Esta historia comienza cuando Nasrudín llega a un pequeño pueblo en algún lugar lejano de Medio Oriente.
Era la primera vez que estaba en ese pueblo y una multitud se había reunido en un auditorio para escucharlo.
Nasrudín, que en verdad no sabía que decir, porque él sabía que nada sabía, se propuso improvisar algo y así intentar salir del atolladero en el que se encontraba.
Entró muy seguro y se paró frente a la gente. Abrió las manos y dijo:
-Supongo que si ustedes están aquí, ya sabrán que es lo que yo tengo para decirles.
La gente dijo:
-No… ¿Qué es lo que tienes para decirnos? No lo sabemos ¡Háblanos! ¡Queremos escucharte!
Nasrudín contestó:
-Si ustedes vinieron hasta aquí sin saber qué es lo que yo vengo a decirles, entonces no están preparados para escucharlo.

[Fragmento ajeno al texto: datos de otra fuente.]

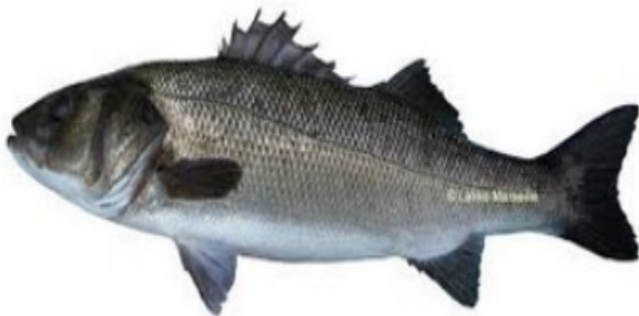
LE LOUP DE MER
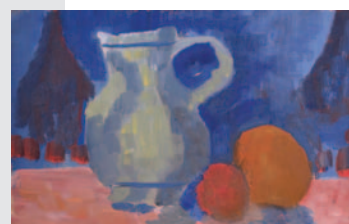
Nature morte au crépuscule 1973 23 X 15 cm. Huile sur carton

Dicho esto, se levantó y se fue.
La gente se quedó sorprendida. Todos habían venido esa mañana para escucharlo y el hombre se iba simplemente diciéndoles eso. Habría sido un fracaso total si no fuera porque uno de los presentes -nunca falta uno-, mientras Nasrudín se alejaba, dijo en voz alta:
-¡Qué inteligente!
Y como siempre sucede, cuando uno no entiende nada y otro dice «¡qué inteligente!», para no sentirse un idiota, uno repite: «¡sí, claro, ¡qué inteligente!». Y entonces, todos empezaron a repetir:
-¡Qué inteligente!
-¡Qué inteligente!
Hasta que uno añadió:
-Sí, qué inteligente, pero… qué breve.
Y otro agregó:
-Tiene la brevedad y la síntesis de los sabios. Porque tiene razón. ¿Cómo nosotros vamos a venir acá sin siquiera saber qué venimos a escuchar? Qué estúpidos que hemos sido. Hemos perdido una oportunidad maravillosa. Qué iluminación, qué sabiduría. Vamos a pedirle a este hombre que dé una segunda conferencia.
Entonces fueron a ver a Nasrudín. La gente había quedado tan asombrada con lo que había pasado en la primera reunión, que algunos habían empezado a decir que el conocimiento de Él era demasiado para reunirlo en una sola conferencia.
Nasrudín dijo:
-No, es justo al revés, están equivocados. Mi conocimiento apenas alcanza para una conferencia. Jamás podría dar dos.
La gente dijo:
-¡Qué humilde!
Y cuanto más Nasrudín insistía en que no tenía nada para decir, con mayor razón la gente insistía en que querían escucharlo una vez más.
Finalmente, después de mucho empeño, Nasrudín accedió a dar una segunda conferencia.
Al día siguiente, el supuesto iluminado regresó al lugar de reunión, donde había más gente aún, pues todos sabían del éxito de la conferencia anterior.
Nasrudín se paró frente al público e insistió con su técnica:
-Supongo que ustedes ya sabrán que he venido a decirles.
La gente estaba avisada para cuidarse de no ofender al maestro con la infantil respuesta de la anterior conferencia; así que todos dijeron:
-Sí, claro, por supuesto lo sabemos. Por eso hemos venido.
Nasrudín bajó la cabeza y entonces añadió:
-Bueno, si todos ya saben qué es lo que vengo a decirles, yo no veo la necesidad de repetir.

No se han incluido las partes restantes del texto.